| INPUT DATA |
--
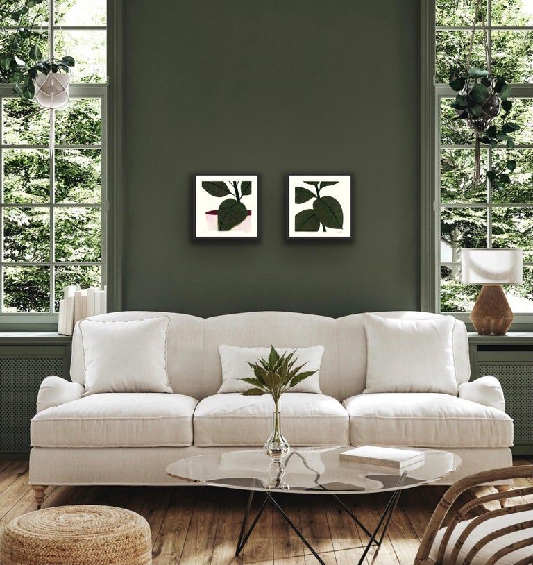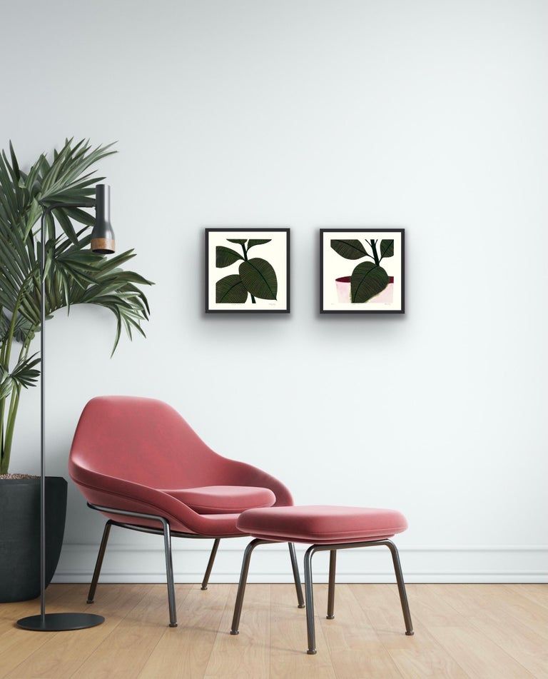 Rubber Plant II and Rubber Plant III diptych Overall sheet size: H86 x W84 Rubber Plant II by Kerry Day [2017] limited_edition Linocut Print Edition number 10 Image size: H:30.5 cm x W:30.4 cm Complete Size of Unframed Work: H:43 cm x W:42 cm x D:0.1cm Sold Unframed 'Rubber Plant II' by Kerry Day is a multi layered reduction
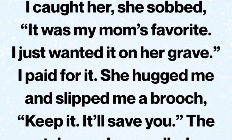 It was a small brooch—delicate, old-fashioned, shaped like a flower with a tiny blue stone at its center. I tried to refuse, but she shook her head, already backing toward the door, disappearing before I could ask her name.
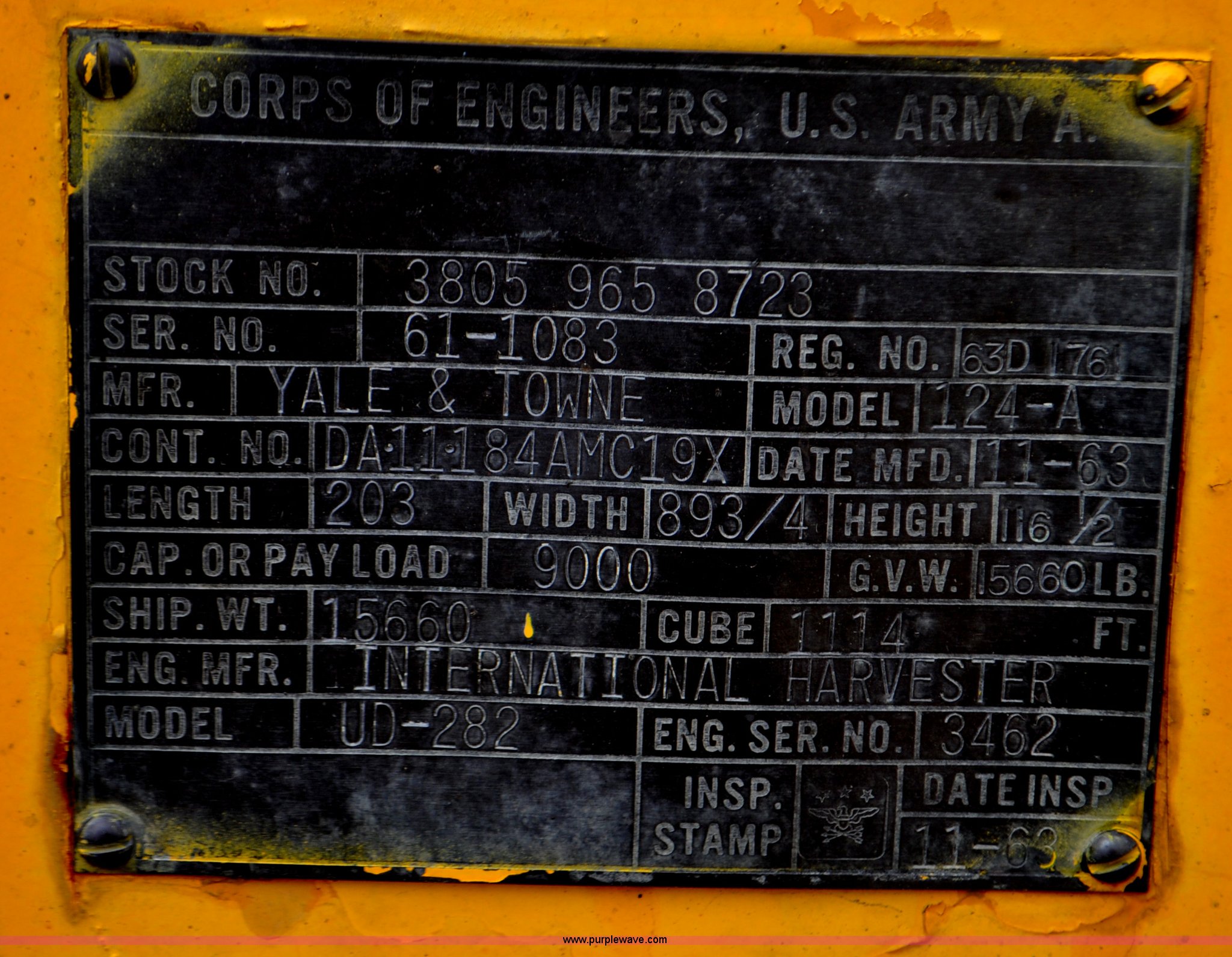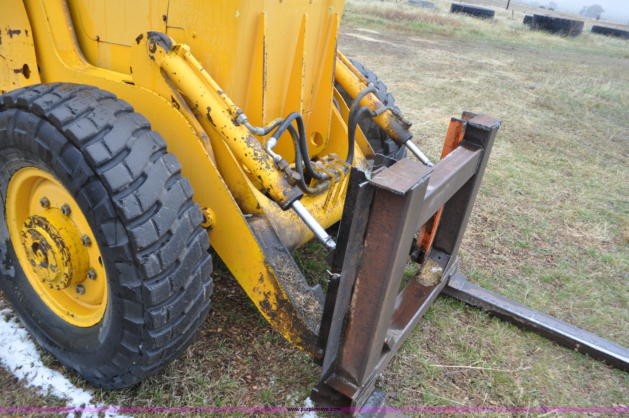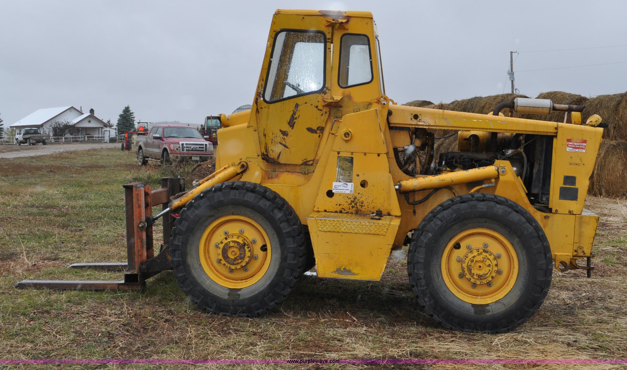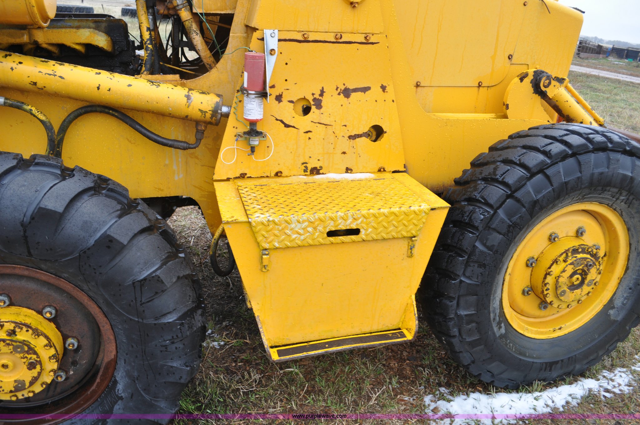 Purple Wave is selling a used Wheel Loader in Nebraska. This item is a 1963 Trojan wheel loader with the following: 6,749 hours on meter, Hours may vary, still in use, International Harvester UD-282 diesel engine, Rear wheel steer, Four wheel drive, Enclosed cab, Heat, Work lights, 94" pin-on bucket, 5' hay forks, 9,000 lbs maximum lift capacity, Rear hitch, 13.00 x 24 tires, Serial 61-1083
--
| HOW TO COMPLETE THIS TASK |
Here the job is to output the lines from the top of the listing through the line holding "It was a small", word for word and without pictures.

| COMPLETED TASK |
 Rubber Plant II and Rubber Plant III diptych Overall sheet size: H86 x W84 Rubber Plant II by Kerry Day [2017] limited_edition Linocut Print Edition number 10 Image size: H:30.5 cm x W:30.4 cm Complete Size of Unframed Work: H:43 cm x W:42 cm x D:0.1cm Sold Unframed 'Rubber Plant II' by Kerry Day is a multi layered reduction
 It was a small brooch—delicate, old-fashioned, shaped like a flower with a tiny blue stone at its center. I tried to refuse, but she shook her head, already backing toward the door, disappearing before I could ask her name.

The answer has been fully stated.